**Your task:** Below are entries with pictures among them; reproduce exactly, and only, the lines from the one containing "Đội ngũ Invert.vn" down to the one containing "The windlass is", without the pictures.
(Records for this task begins)
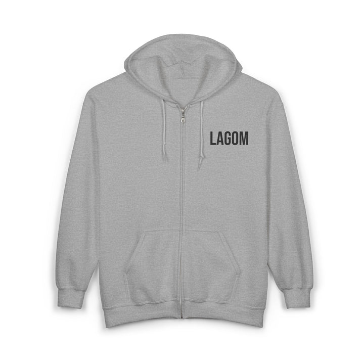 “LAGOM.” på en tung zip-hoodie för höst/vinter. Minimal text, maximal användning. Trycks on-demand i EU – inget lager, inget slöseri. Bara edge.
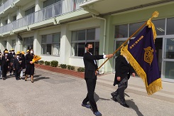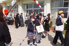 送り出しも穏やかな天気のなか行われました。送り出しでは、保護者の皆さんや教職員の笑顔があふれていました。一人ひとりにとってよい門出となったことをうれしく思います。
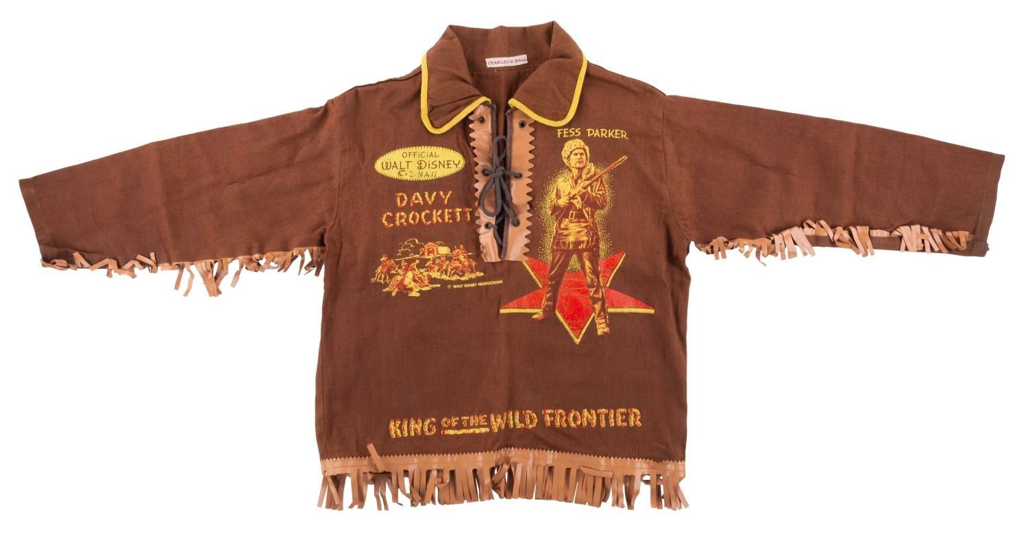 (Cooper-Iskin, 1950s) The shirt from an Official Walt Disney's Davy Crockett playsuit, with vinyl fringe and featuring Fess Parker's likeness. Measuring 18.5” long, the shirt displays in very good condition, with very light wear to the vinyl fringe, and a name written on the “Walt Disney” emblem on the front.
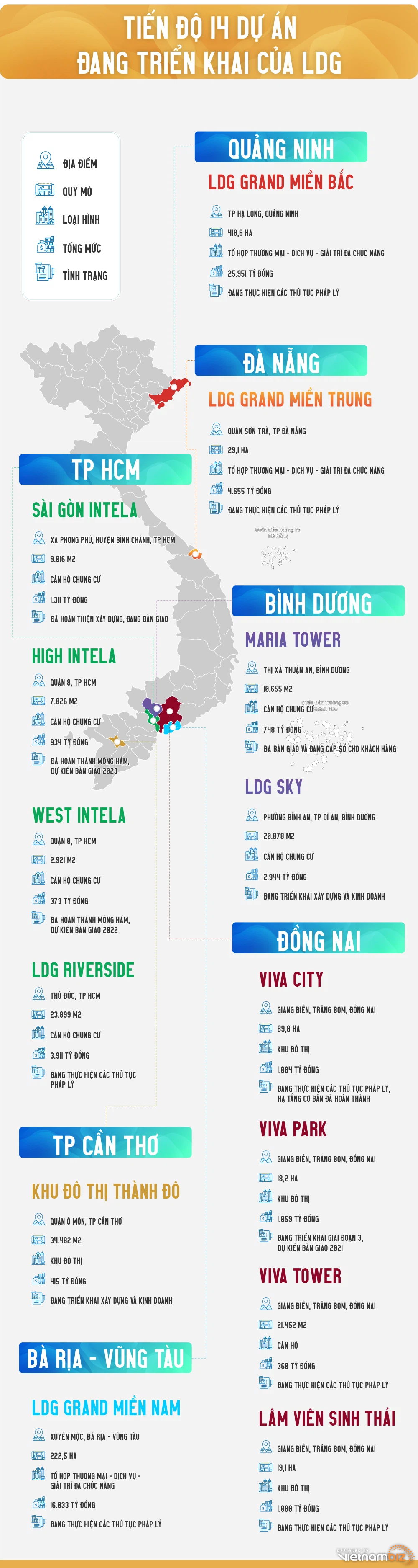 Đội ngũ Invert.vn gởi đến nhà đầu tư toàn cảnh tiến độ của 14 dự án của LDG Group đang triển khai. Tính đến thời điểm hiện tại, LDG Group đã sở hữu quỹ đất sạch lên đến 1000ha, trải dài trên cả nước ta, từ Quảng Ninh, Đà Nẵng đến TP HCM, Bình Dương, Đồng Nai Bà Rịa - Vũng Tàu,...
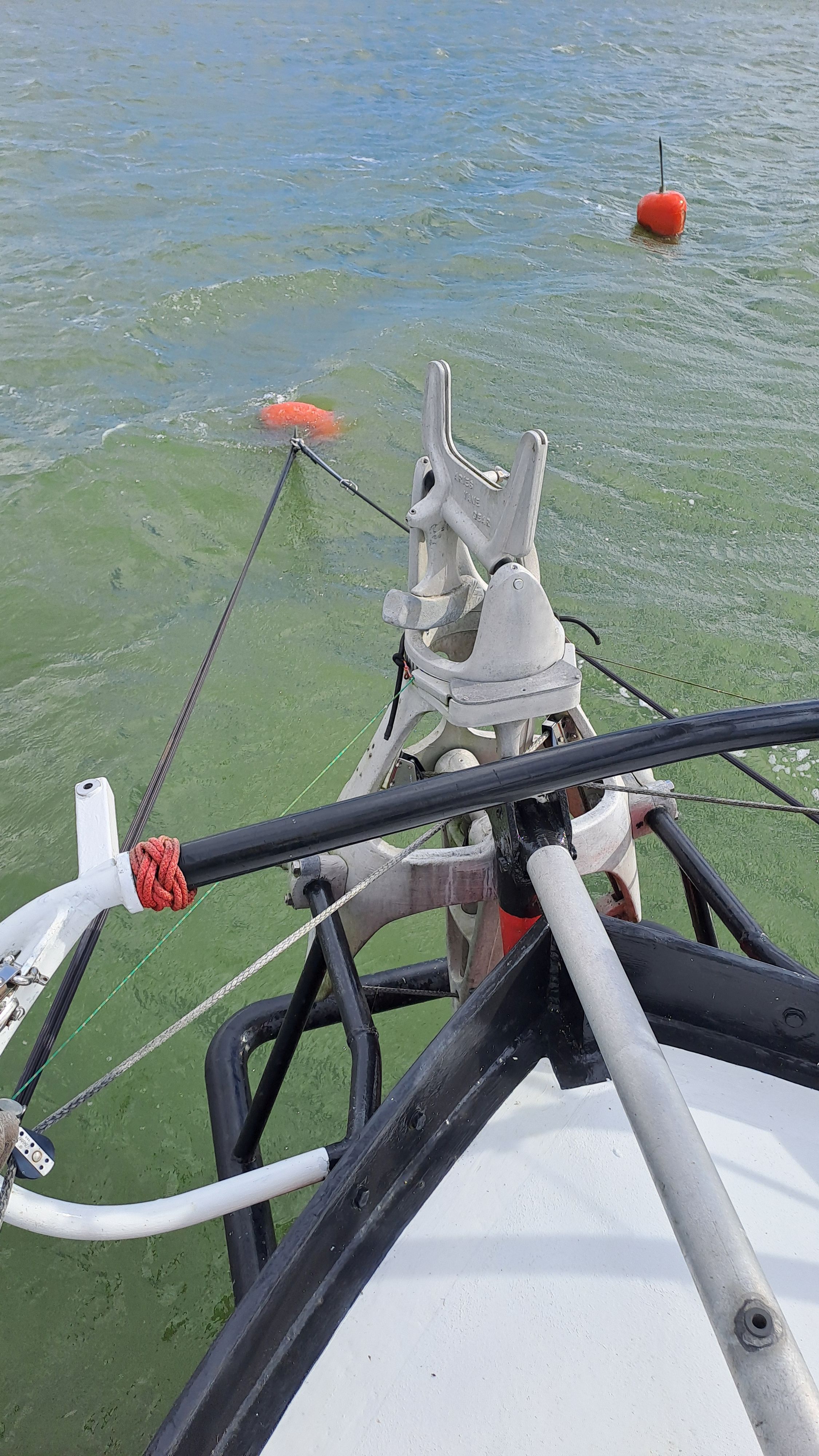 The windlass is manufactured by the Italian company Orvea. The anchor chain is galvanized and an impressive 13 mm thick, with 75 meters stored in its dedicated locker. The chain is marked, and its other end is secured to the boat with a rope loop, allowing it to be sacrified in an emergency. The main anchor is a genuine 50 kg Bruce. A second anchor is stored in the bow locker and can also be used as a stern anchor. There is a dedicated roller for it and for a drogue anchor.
(Records for this task ends)
(Records for this task begins)
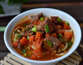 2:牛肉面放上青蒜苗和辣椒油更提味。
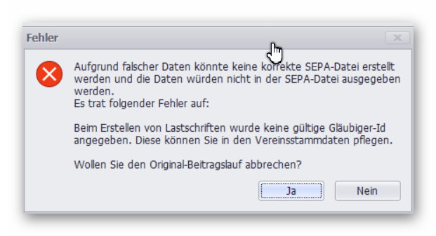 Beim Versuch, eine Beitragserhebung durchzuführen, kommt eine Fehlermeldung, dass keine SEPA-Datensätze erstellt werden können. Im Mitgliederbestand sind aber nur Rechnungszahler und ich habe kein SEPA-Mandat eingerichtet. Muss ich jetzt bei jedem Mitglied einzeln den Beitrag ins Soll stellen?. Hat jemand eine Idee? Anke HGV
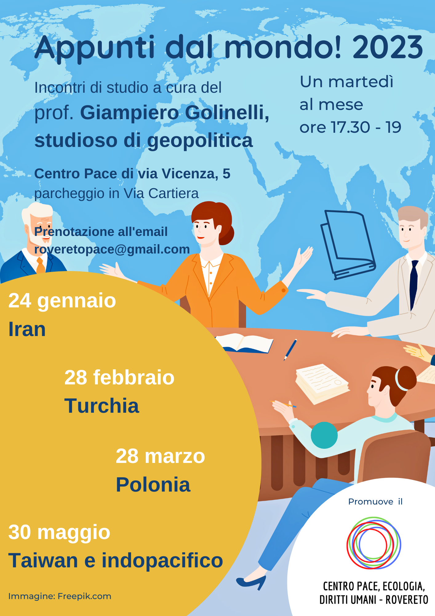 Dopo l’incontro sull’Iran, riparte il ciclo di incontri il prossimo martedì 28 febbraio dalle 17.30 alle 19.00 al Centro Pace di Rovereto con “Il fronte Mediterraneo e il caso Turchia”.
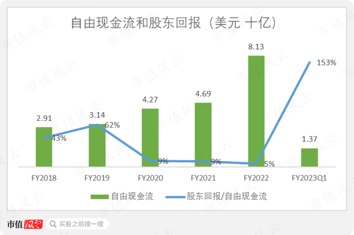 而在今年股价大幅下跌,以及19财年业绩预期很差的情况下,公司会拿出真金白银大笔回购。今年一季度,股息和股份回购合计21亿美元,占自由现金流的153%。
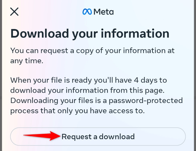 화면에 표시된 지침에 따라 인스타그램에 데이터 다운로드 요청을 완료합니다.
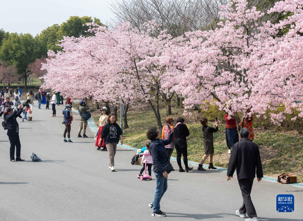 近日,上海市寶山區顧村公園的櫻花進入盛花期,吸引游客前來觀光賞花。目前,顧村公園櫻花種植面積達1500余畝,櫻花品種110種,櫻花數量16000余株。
(Records for this task ends)
**Completed task:**
 Đội ngũ Invert.vn gởi đến nhà đầu tư toàn cảnh tiến độ của 14 dự án của LDG Group đang triển khai. Tính đến thời điểm hiện tại, LDG Group đã sở hữu quỹ đất sạch lên đến 1000ha, trải dài trên cả nước ta, từ Quảng Ninh, Đà Nẵng đến TP HCM, Bình Dương, Đồng Nai Bà Rịa - Vũng Tàu,...
 The windlass is manufactured by the Italian company Orvea. The anchor chain is galvanized and an impressive 13 mm thick, with 75 meters stored in its dedicated locker. The chain is marked, and its other end is secured to the boat with a rope loop, allowing it to be sacrified in an emergency. The main anchor is a genuine 50 kg Bruce. A second anchor is stored in the bow locker and can also be used as a stern anchor. There is a dedicated roller for it and for a drogue anchor.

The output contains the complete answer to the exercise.